→ **DATA**
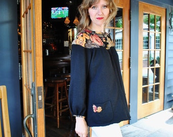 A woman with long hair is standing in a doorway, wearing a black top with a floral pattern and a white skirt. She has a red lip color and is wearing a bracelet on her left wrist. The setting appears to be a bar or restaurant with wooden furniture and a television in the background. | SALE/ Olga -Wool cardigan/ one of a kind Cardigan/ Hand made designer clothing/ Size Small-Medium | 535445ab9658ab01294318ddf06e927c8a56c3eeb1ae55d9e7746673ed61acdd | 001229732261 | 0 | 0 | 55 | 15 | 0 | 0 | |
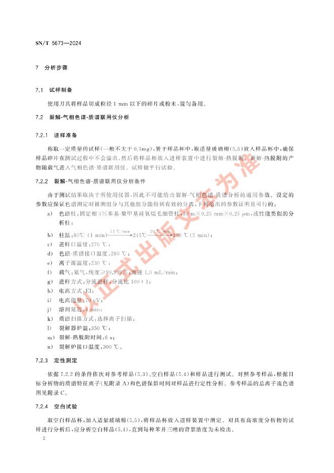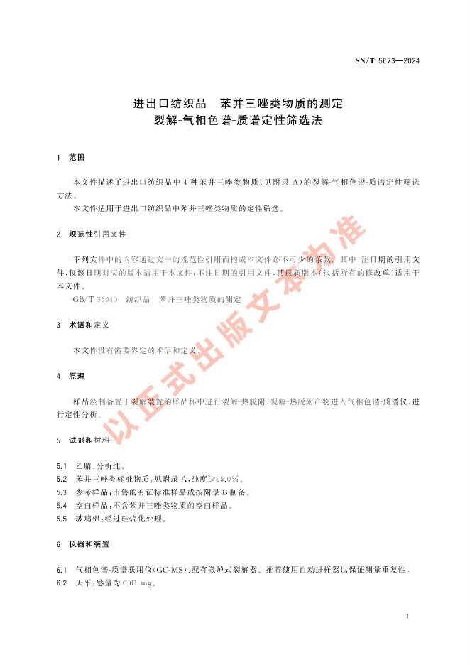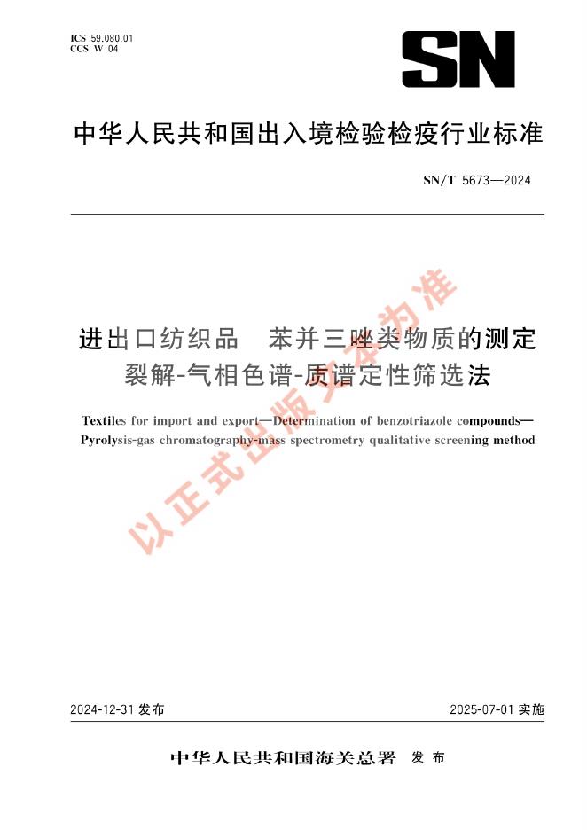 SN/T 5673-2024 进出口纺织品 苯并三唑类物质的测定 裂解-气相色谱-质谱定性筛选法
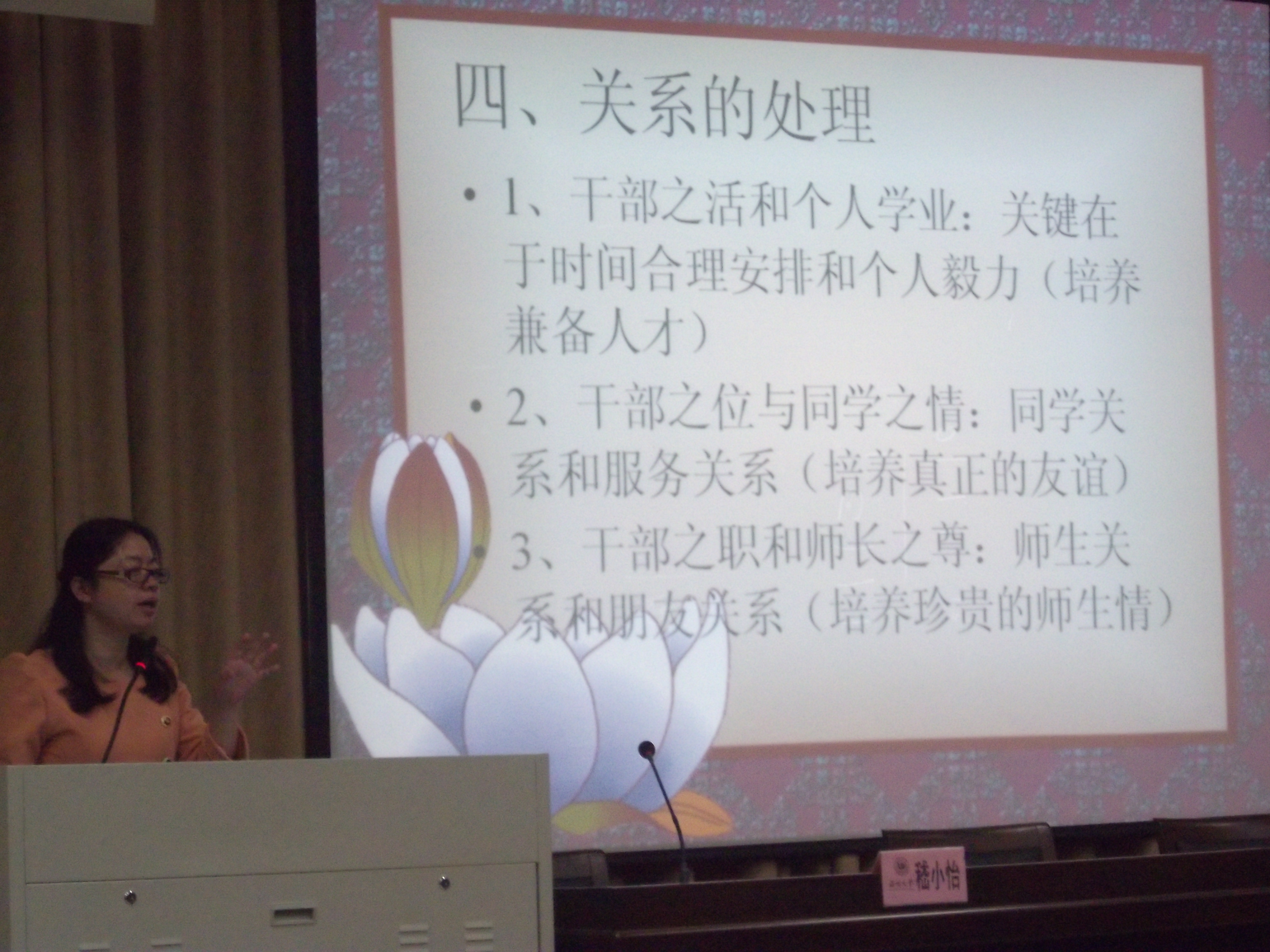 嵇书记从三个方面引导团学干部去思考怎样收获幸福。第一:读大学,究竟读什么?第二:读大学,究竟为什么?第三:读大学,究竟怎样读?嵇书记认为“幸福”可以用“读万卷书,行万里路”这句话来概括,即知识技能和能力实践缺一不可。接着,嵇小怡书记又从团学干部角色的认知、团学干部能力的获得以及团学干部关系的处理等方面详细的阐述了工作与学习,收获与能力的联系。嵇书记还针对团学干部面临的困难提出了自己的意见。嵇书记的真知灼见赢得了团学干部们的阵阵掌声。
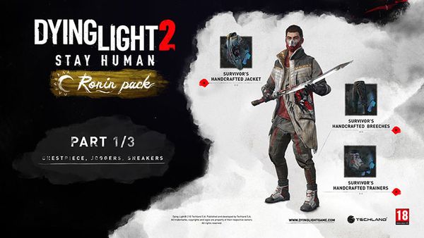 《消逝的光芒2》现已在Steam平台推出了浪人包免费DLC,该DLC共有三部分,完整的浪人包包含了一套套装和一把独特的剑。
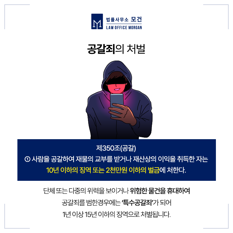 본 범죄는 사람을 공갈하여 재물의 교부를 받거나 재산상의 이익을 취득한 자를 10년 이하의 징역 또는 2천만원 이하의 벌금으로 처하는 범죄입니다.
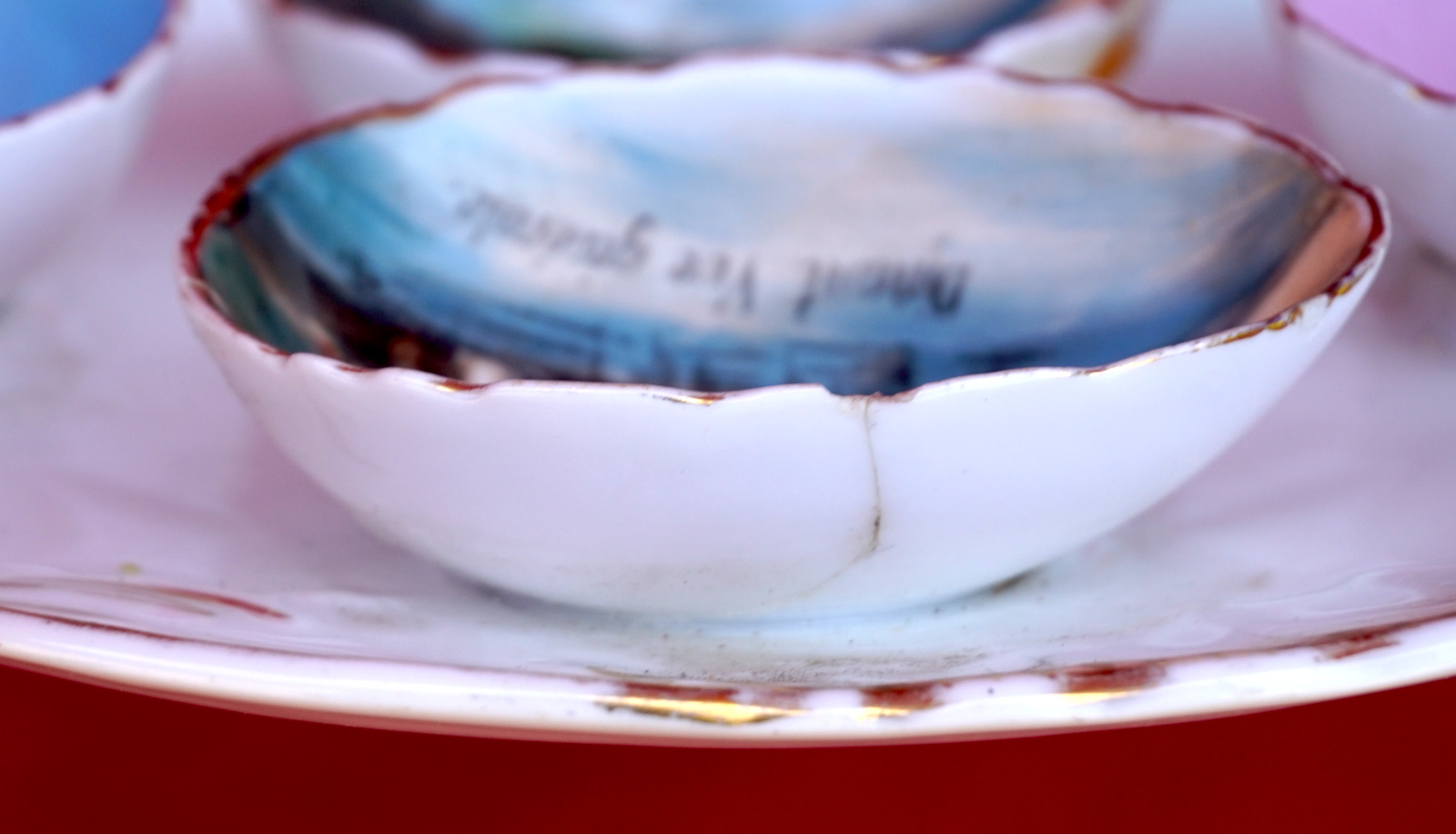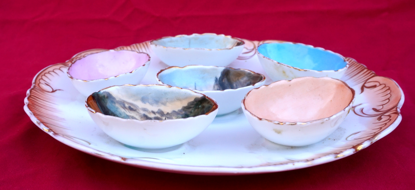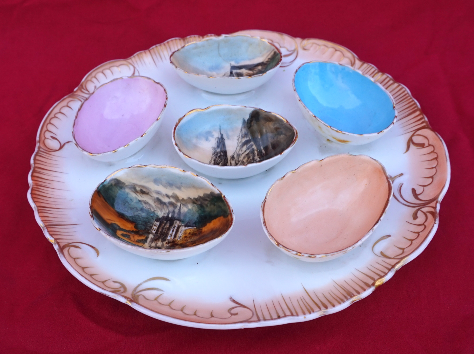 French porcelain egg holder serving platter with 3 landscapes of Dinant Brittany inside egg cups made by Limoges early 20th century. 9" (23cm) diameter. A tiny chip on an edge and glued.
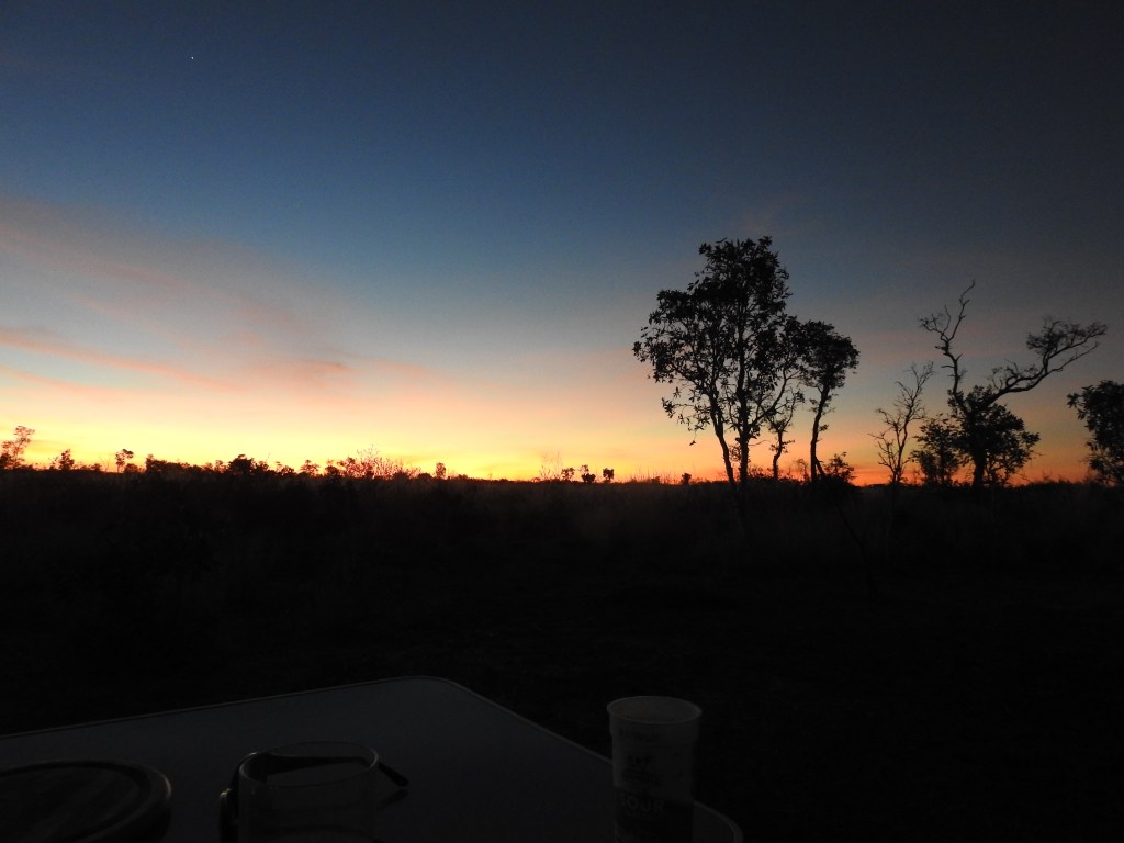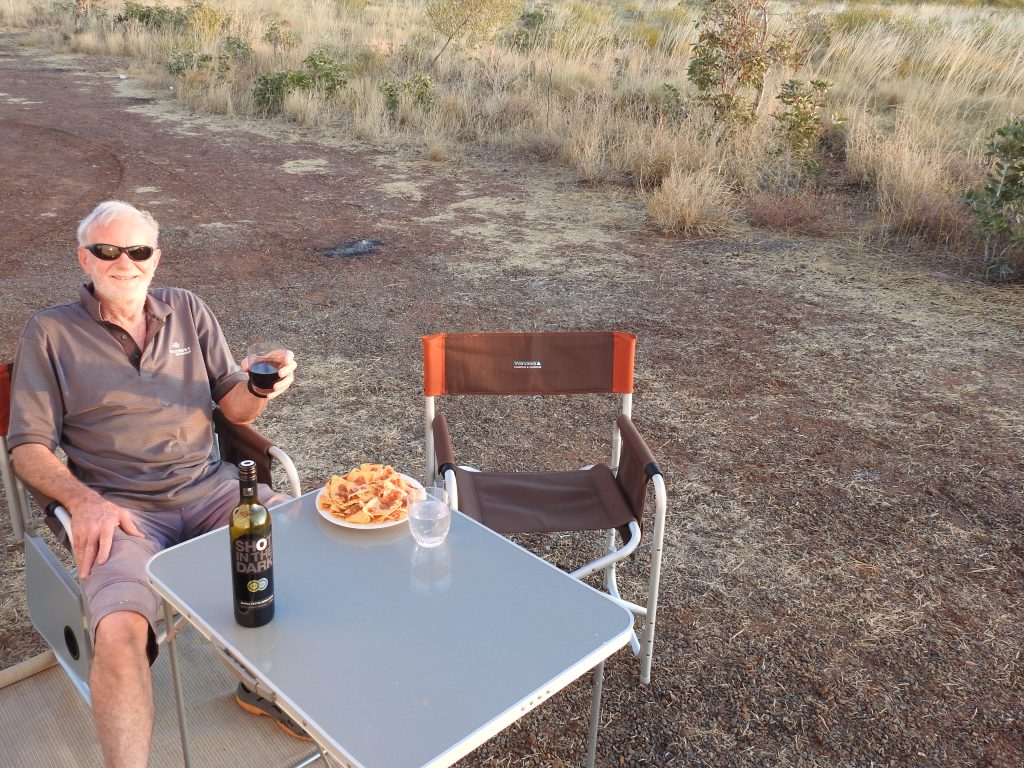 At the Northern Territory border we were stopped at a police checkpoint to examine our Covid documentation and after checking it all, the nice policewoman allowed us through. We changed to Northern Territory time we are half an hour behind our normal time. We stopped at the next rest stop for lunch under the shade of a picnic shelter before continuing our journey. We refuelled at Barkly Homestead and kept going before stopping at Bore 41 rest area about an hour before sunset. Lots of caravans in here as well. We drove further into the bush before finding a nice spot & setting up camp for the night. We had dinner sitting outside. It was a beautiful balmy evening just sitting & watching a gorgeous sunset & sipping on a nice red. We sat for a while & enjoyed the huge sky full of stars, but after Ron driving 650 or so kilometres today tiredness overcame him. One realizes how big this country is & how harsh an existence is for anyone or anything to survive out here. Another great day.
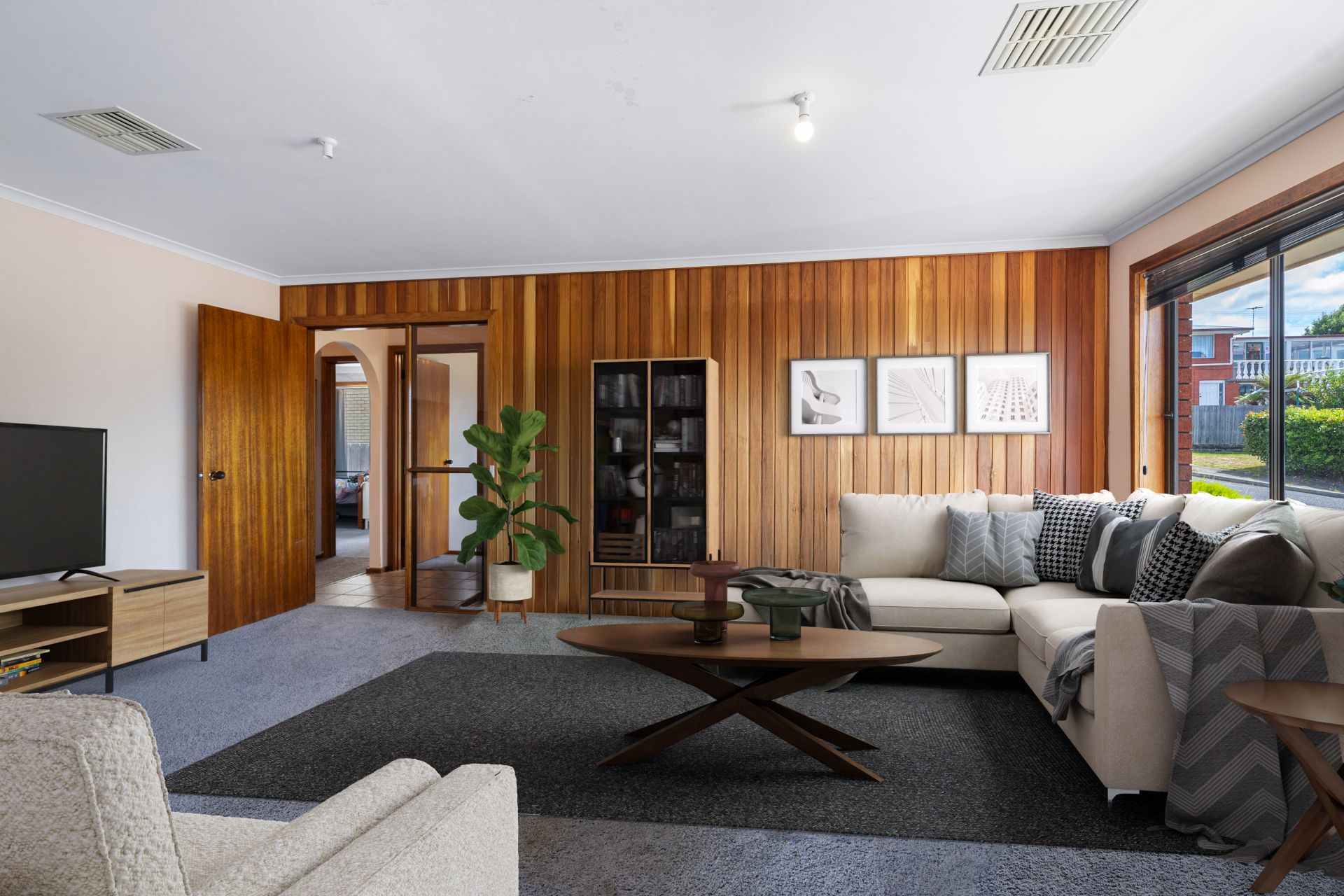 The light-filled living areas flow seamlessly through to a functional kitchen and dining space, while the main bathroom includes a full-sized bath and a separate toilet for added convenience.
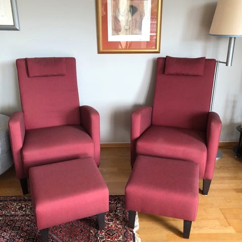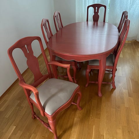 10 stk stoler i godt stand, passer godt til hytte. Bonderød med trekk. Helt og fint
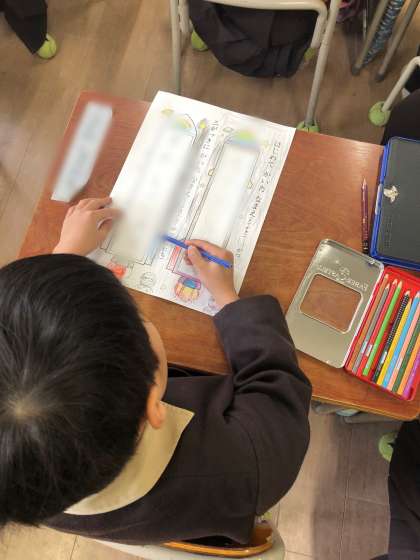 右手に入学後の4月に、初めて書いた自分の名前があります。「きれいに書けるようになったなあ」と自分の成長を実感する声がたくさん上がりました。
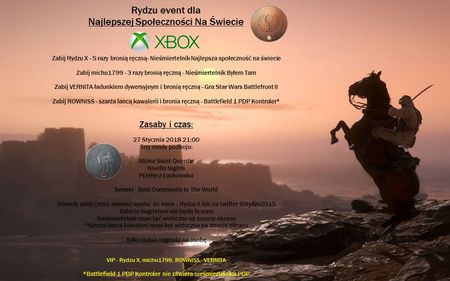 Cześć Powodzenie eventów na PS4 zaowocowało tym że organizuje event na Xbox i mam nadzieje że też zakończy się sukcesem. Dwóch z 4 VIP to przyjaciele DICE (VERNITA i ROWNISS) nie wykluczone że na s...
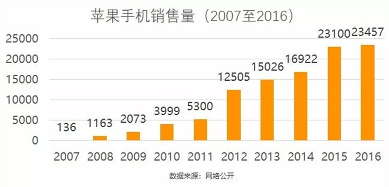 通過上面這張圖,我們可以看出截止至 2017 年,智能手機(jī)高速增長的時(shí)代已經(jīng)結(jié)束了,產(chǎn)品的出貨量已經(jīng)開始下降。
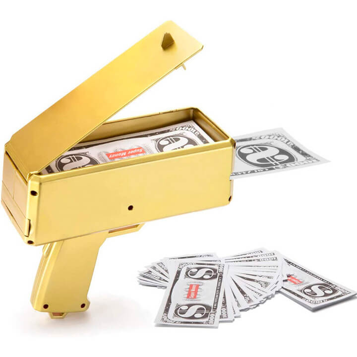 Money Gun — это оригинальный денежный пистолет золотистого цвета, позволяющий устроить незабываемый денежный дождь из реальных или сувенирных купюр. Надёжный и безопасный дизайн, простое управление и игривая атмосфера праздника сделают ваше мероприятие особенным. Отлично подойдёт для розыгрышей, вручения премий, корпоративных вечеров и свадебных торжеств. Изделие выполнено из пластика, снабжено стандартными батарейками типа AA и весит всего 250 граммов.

→ **WHAT TO DO**
Please output the lines above beginning at the line with "嵇书记从三个方面引导团学干部" and ending after the line with "본 범죄는 사람을 공갈하여", precisely as written and with no pictures.

→ **RESPONSE TO THE EXERCISE**
 嵇书记从三个方面引导团学干部去思考怎样收获幸福。第一:读大学,究竟读什么?第二:读大学,究竟为什么?第三:读大学,究竟怎样读?嵇书记认为“幸福”可以用“读万卷书,行万里路”这句话来概括,即知识技能和能力实践缺一不可。接着,嵇小怡书记又从团学干部角色的认知、团学干部能力的获得以及团学干部关系的处理等方面详细的阐述了工作与学习,收获与能力的联系。嵇书记还针对团学干部面临的困难提出了自己的意见。嵇书记的真知灼见赢得了团学干部们的阵阵掌声。
 《消逝的光芒2》现已在Steam平台推出了浪人包免费DLC,该DLC共有三部分,完整的浪人包包含了一套套装和一把独特的剑。
 본 범죄는 사람을 공갈하여 재물의 교부를 받거나 재산상의 이익을 취득한 자를 10년 이하의 징역 또는 2천만원 이하의 벌금으로 처하는 범죄입니다.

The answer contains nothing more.